**EXERCISE PROMPT**:
Select the lines below containing the word "drawstring".

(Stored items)

------------

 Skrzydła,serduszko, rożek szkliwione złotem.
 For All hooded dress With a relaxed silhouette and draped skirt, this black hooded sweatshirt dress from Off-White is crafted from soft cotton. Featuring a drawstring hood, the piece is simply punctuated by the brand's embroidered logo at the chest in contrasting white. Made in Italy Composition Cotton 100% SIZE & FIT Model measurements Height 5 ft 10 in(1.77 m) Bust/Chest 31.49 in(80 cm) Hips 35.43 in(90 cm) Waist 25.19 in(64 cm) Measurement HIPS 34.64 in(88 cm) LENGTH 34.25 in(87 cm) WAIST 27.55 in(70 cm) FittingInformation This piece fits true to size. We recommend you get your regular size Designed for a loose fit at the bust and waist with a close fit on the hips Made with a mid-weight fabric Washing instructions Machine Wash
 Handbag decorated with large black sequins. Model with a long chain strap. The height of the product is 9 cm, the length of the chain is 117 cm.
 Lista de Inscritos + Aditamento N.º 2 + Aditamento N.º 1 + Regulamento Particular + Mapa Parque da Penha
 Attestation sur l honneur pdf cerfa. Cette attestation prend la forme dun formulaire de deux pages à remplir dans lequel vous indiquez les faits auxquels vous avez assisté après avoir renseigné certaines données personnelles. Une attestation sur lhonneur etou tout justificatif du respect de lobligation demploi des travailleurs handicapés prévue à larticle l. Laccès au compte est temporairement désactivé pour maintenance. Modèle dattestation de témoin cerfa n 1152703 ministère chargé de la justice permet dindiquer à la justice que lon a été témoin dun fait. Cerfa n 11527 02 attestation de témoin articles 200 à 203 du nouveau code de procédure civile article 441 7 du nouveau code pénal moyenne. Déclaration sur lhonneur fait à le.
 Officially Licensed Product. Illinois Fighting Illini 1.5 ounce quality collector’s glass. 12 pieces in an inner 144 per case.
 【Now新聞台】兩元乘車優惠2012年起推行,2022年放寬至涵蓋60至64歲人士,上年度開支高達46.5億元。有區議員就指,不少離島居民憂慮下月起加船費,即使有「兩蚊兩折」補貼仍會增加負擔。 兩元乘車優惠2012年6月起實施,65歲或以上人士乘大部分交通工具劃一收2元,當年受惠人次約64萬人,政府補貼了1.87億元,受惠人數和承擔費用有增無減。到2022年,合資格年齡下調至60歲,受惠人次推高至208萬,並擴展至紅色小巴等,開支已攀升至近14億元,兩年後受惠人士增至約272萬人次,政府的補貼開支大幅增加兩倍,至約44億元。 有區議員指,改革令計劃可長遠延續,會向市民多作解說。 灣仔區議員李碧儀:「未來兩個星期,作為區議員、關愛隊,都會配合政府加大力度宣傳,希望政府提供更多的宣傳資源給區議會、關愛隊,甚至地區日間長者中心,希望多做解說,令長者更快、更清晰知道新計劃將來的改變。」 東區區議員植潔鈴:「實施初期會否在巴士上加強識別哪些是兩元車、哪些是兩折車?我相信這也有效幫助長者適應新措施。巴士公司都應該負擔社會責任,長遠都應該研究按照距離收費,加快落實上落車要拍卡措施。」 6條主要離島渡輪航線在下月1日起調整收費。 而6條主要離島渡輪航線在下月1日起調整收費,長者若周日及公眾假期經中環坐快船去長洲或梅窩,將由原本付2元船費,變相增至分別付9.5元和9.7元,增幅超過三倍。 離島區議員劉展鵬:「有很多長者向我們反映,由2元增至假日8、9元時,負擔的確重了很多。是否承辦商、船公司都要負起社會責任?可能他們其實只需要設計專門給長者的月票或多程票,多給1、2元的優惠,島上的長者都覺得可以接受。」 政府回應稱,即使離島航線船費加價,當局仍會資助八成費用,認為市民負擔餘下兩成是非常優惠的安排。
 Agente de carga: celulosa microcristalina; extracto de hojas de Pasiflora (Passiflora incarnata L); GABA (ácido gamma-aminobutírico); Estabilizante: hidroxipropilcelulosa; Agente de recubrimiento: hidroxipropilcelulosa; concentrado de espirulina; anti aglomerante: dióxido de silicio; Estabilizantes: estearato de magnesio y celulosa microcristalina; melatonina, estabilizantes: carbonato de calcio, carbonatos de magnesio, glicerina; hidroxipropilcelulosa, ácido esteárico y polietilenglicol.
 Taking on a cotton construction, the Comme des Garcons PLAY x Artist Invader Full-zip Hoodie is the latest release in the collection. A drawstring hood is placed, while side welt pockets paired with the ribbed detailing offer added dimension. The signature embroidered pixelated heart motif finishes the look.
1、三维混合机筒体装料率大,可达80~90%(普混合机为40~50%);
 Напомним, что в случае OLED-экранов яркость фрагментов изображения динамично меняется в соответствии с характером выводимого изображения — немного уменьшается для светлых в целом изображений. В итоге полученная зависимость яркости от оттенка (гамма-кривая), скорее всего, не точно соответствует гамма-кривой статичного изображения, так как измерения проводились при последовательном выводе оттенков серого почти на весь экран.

------------

**FINISHED TASK**:
 For All hooded dress With a relaxed silhouette and draped skirt, this black hooded sweatshirt dress from Off-White is crafted from soft cotton. Featuring a drawstring hood, the piece is simply punctuated by the brand's embroidered logo at the chest in contrasting white. Made in Italy Composition Cotton 100% SIZE & FIT Model measurements Height 5 ft 10 in(1.77 m) Bust/Chest 31.49 in(80 cm) Hips 35.43 in(90 cm) Waist 25.19 in(64 cm) Measurement HIPS 34.64 in(88 cm) LENGTH 34.25 in(87 cm) WAIST 27.55 in(70 cm) FittingInformation This piece fits true to size. We recommend you get your regular size Designed for a loose fit at the bust and waist with a close fit on the hips Made with a mid-weight fabric Washing instructions Machine Wash
 Taking on a cotton construction, the Comme des Garcons PLAY x Artist Invader Full-zip Hoodie is the latest release in the collection. A drawstring hood is placed, while side welt pockets paired with the ribbed detailing offer added dimension. The signature embroidered pixelated heart motif finishes the look.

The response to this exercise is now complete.